Segundo o presidente da SBCBM – Sociedade Brasileira de Cirurgia Bariátrica e Metabólica, Dr. Marcos Leão Vilas-Bôas:
"A cirurgia metabólica é hoje mais segura do que cirurgias simples do nosso dia a dia, como a cirurgia de apêndice e a cirurgia de útero. Quando realizada em pacientes com massa corporal mais baixa têm um risco de mortalidade de 0,05%."
Para entender melhor como a cirurgia metabólica pode ser efetiva na prevenção aos riscos da COVID-19, um estudo realizado por pesquisadores da Université Côte d’Azur, na França, avaliou a mortalidade de pacientes infectados com COVID-19 submetidos à ventilação mecânica que haviam realizado a cirurgia metabólica, comparando os resultados com indivíduos obesos que não haviam feito a cirurgia.
Para esse estudo, foram incluídos registros eletrônicos de 4.248.253 pacientes diagnosticados com obesidade com idades entre 15 e 75 anos, mantidos sob observação pelo sistema de saúde nacional da França pelo período de aproximadamente 2,93 a 5,43 anos.
Os pesquisadores da universidade francesa basearam as suas conclusões em dois valores de referência:
- Morte relacionadas à COVID-19;
- Necessidade de ventilação mecânica invasiva.
O estudo analisou os dados retrospectivos de 8.286 pacientes diagnosticados com obesidade (o que corresponde a 0,2% da amostragem utilizada para esse estudo) internados em decorrência de infecção por COVID-19 no período entre 1/01/202 e 15/05/2020.

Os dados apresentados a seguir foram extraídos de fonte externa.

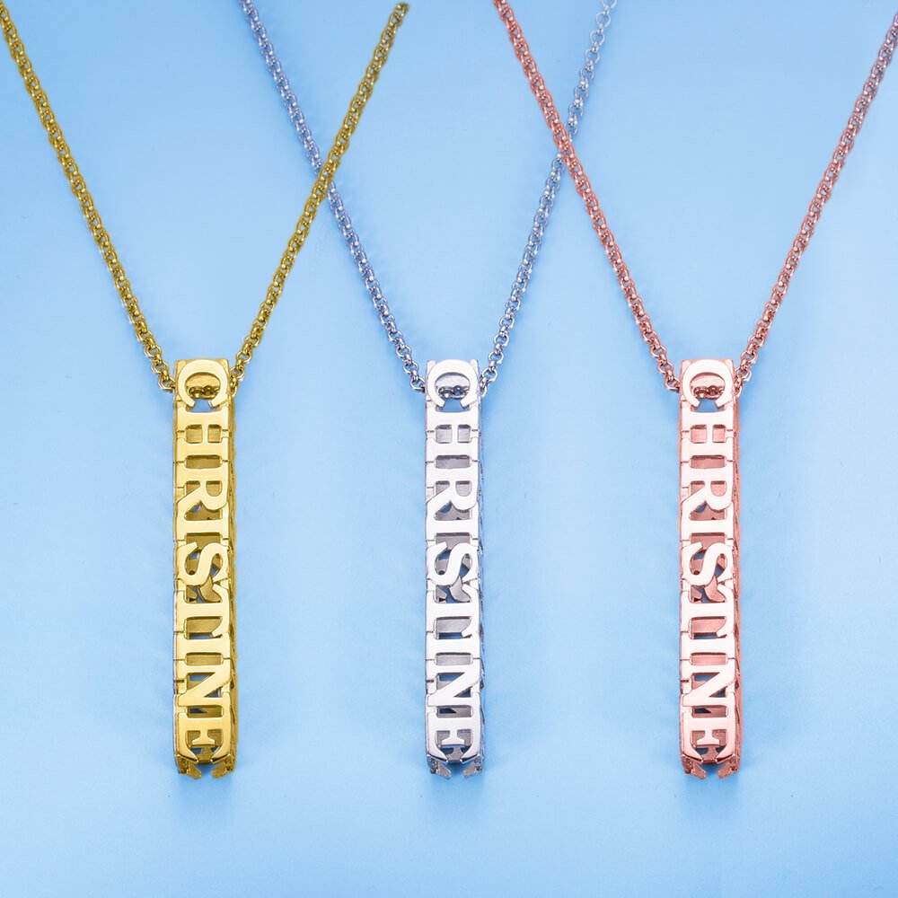 β’The fashion modern style name bar necklace by Callie is conveying the meaning of confidence and individuality. The hanging direction can be decided by yourself. Bars cuts refract the incoming light brightly. This dainty necklace shows the stereoscopic bar with the unique name. The simple but stylish design of bars indicates the significance of special words or names for the wearer. Girls are going to love it as it suits effortlessly for all kinds of occasions while it remains unique.

Nesse grupo, 541 pacientes haviam realizado a cirurgia metabólica, enquanto 7.745 não haviam feito a cirurgia.
Os resultados mostraram que 14,54% dos pacientes tiveram que ser submetidos à ventilação mecânica, enquanto o total de óbitos foi de 13,58%.
No entanto, diferenças importantes foram observadas quando comparado o grupo de pacientes que havia realizado a cirurgia metabólica aos pacientes que não haviam feito a cirurgia.
Observou-se que a necessidade de ventilação mecânica nos pacientes internados com infecções decorrentes da COVID-19 que haviam realizado a cirurgia metabólica ocorreu entre 3,5% e 7% dos casos.
Já no grupo de pacientes internados com infecções decorrentes da COVID-19 que precisaram de ventilação mecânica e não haviam realizado a cirurgia metabólica esse número variou entre 14,2% e 15%.
Após uma análise estatística, observou-se que o risco de ventilação mecânica aumentava quando a amostragem incluía pacientes homens, com diagnóstico de hipertensão e idade entre 61 e 75 anos. Nesses casos, observou-se que a cirurgia metabólica possui um efeito protetor independente.
Os indicadores de mortalidade foram associados a fatores como: idade, sexo, histórico de insuficiência cardíaca, câncer e diabetes.
Em todos os casos, observou-se que a cirurgia metabólica foi efetiva na prevenção.
Conclusão
A cirurgia metabólica está diretamente relacionada à diminuição do risco de morte e de uso de ventilação mecânica invasiva em pacientes obesos internados com infecções decorrentes da COVID-19.